RECORDS FOR THE EXERCISE:
----------

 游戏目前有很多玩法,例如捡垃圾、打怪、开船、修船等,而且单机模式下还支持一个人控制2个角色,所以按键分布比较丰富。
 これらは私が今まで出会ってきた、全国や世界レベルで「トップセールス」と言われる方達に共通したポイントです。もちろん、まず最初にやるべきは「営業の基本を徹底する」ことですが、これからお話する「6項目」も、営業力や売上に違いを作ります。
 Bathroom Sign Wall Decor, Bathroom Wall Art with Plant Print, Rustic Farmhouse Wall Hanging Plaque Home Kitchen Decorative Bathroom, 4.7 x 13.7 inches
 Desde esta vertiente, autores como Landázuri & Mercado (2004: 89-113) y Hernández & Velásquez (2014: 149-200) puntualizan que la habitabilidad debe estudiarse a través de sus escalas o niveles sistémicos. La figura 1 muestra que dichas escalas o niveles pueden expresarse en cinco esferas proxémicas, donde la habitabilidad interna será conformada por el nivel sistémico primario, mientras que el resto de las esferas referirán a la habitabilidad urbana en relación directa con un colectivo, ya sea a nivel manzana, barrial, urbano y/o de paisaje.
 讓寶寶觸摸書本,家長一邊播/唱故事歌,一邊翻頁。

----------

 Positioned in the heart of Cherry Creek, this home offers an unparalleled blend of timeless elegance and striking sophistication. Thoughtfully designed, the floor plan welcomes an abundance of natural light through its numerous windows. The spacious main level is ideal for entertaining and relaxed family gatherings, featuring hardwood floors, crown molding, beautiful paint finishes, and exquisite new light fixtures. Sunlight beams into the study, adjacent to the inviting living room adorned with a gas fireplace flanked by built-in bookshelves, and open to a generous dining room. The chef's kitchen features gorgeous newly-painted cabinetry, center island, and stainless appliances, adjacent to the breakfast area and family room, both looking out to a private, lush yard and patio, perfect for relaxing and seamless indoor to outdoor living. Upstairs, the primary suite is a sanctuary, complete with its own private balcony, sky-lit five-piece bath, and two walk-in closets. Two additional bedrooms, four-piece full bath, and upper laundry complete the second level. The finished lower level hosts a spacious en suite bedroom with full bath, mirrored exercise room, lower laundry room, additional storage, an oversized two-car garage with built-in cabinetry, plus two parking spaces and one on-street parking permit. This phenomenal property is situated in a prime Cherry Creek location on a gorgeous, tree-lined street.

----------

ASSIGNMENT:
The exact lines of the material above starting at the one that contains "游戏目前有很多玩法,例如捡垃" and ending at the one that contains "Bathroom Sign Wall" are what to retype; leave out everything else.

SOLUTION TO THIS PROBLEM:
 游戏目前有很多玩法,例如捡垃圾、打怪、开船、修船等,而且单机模式下还支持一个人控制2个角色,所以按键分布比较丰富。
 これらは私が今まで出会ってきた、全国や世界レベルで「トップセールス」と言われる方達に共通したポイントです。もちろん、まず最初にやるべきは「営業の基本を徹底する」ことですが、これからお話する「6項目」も、営業力や売上に違いを作ります。
 Bathroom Sign Wall Decor, Bathroom Wall Art with Plant Print, Rustic Farmhouse Wall Hanging Plaque Home Kitchen Decorative Bathroom, 4.7 x 13.7 inches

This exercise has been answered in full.